* **WORK TO BE COMPLETED**
Everything from the line holding "부부 간 재무 회의를 위한 통장 시스템 점검표" through the end of the records should be printed exactly, apart from the pictures.

* **EXTRACTED INFORMATION**
^^^^^^^^
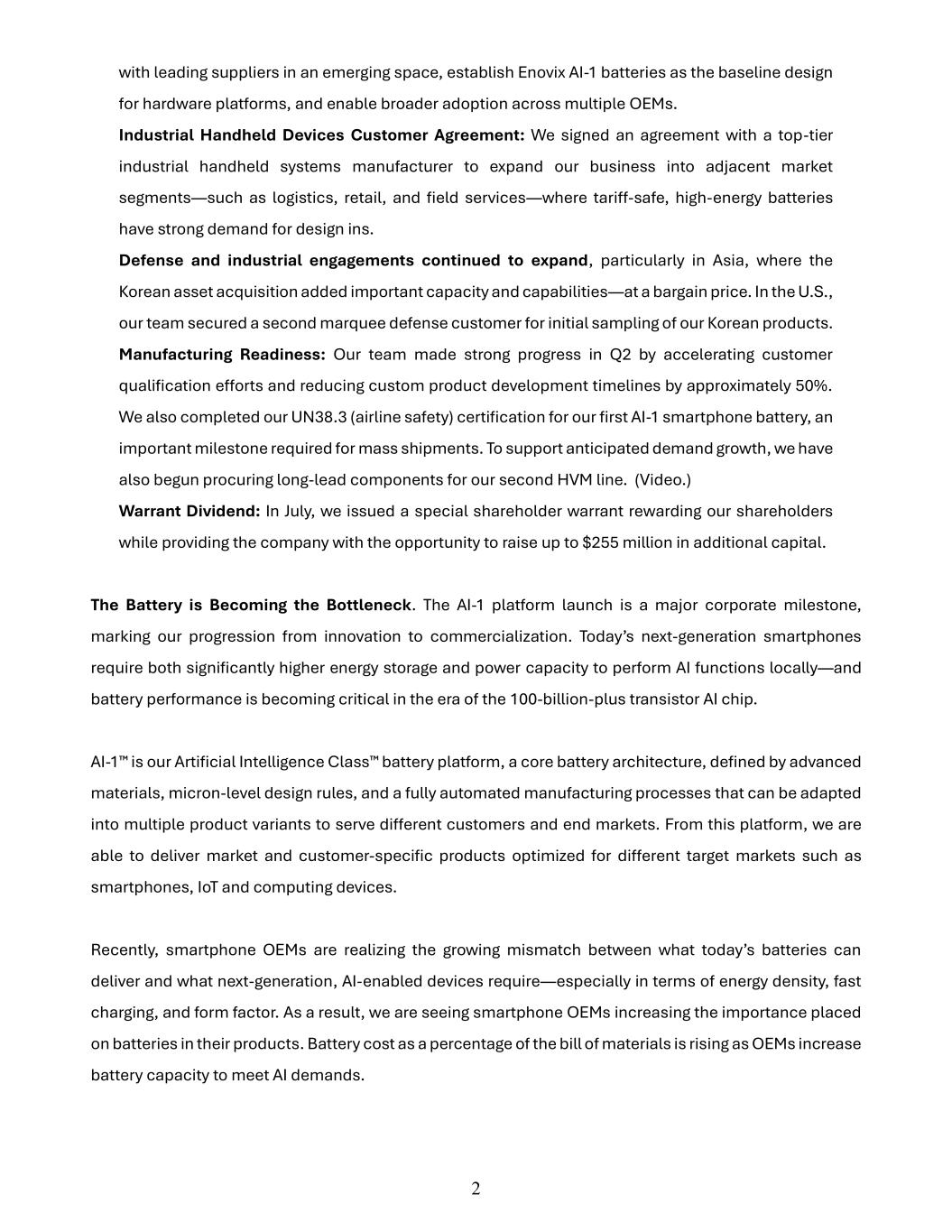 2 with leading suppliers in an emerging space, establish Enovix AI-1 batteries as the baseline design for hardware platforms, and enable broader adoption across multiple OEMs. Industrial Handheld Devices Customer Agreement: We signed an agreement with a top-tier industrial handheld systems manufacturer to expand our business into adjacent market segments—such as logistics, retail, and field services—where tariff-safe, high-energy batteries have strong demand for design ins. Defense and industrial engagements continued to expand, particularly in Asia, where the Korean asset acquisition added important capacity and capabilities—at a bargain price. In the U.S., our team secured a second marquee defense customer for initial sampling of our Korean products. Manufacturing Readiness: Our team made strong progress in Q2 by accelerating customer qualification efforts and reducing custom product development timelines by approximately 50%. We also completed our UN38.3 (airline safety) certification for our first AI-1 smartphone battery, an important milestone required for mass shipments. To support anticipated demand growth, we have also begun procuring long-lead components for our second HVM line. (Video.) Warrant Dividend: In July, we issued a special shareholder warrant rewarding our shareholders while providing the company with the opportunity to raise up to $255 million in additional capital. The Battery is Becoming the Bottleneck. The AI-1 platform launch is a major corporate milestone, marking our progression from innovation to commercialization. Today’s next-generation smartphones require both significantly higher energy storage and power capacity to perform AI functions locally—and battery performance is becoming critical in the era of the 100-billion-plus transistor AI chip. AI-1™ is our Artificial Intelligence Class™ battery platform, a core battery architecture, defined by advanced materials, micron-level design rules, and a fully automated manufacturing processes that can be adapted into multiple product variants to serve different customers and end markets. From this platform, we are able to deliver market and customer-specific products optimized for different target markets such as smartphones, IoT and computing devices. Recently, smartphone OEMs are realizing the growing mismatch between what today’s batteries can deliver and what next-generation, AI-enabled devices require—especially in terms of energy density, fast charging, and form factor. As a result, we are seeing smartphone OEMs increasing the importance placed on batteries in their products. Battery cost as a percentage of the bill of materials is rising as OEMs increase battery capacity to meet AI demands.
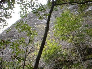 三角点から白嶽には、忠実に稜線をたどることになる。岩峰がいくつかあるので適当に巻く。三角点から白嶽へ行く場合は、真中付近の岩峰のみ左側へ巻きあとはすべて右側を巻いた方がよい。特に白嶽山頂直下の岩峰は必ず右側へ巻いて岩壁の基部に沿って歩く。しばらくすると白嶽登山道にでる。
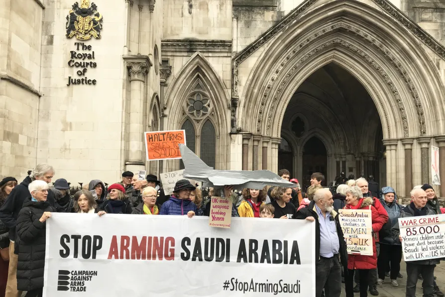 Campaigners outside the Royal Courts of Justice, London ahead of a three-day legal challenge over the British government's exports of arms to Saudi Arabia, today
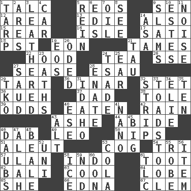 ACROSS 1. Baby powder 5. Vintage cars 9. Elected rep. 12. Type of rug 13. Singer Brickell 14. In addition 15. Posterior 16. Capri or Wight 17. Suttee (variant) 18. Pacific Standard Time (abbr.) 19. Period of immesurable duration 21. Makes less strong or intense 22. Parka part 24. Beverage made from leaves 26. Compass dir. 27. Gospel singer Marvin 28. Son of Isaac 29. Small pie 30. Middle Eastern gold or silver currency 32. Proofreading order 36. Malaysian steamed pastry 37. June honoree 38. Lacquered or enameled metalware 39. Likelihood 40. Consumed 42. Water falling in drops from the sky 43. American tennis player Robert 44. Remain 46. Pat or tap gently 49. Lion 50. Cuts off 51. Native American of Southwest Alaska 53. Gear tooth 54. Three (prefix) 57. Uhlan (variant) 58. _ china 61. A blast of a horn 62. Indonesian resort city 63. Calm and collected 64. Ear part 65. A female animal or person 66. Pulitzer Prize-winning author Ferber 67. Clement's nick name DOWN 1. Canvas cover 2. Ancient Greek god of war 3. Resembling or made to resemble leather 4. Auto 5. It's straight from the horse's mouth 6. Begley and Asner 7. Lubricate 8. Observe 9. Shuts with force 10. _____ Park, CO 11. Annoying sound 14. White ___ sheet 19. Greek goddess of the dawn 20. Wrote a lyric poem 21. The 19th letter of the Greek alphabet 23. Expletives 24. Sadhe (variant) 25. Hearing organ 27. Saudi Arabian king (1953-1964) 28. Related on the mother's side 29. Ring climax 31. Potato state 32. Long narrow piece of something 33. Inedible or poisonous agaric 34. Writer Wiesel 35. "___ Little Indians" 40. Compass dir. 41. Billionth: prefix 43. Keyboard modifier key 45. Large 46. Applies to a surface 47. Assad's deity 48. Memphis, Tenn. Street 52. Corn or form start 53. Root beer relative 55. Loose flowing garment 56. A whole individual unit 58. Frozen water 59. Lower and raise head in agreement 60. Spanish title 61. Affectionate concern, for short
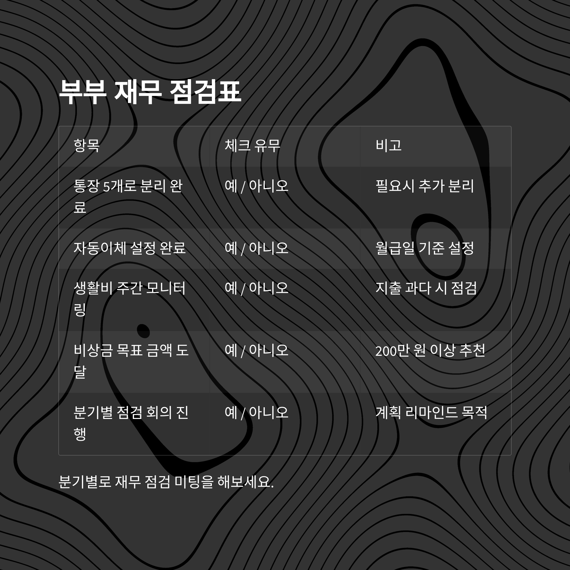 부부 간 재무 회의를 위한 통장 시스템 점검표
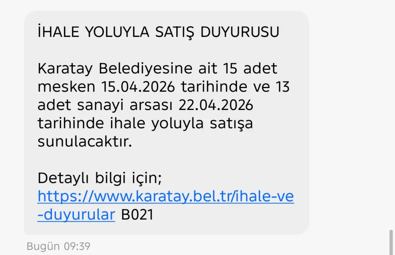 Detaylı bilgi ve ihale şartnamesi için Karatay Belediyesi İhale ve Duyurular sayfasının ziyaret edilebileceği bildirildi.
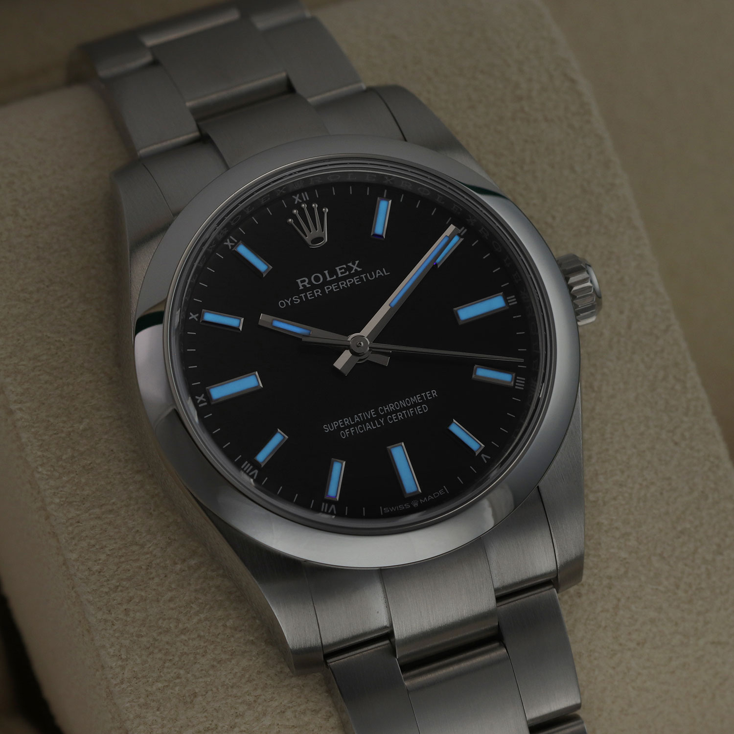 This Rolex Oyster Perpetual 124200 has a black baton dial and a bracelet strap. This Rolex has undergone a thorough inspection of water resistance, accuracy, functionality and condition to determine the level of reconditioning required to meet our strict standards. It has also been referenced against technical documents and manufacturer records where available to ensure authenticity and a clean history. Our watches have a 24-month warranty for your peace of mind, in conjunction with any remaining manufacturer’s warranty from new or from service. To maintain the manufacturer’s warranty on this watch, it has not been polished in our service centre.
^^^^^^^^
* **WORKED SOLUTION**
 부부 간 재무 회의를 위한 통장 시스템 점검표
 Detaylı bilgi ve ihale şartnamesi için Karatay Belediyesi İhale ve Duyurular sayfasının ziyaret edilebileceği bildirildi.
 This Rolex Oyster Perpetual 124200 has a black baton dial and a bracelet strap. This Rolex has undergone a thorough inspection of water resistance, accuracy, functionality and condition to determine the level of reconditioning required to meet our strict standards. It has also been referenced against technical documents and manufacturer records where available to ensure authenticity and a clean history. Our watches have a 24-month warranty for your peace of mind, in conjunction with any remaining manufacturer’s warranty from new or from service. To maintain the manufacturer’s warranty on this watch, it has not been polished in our service centre.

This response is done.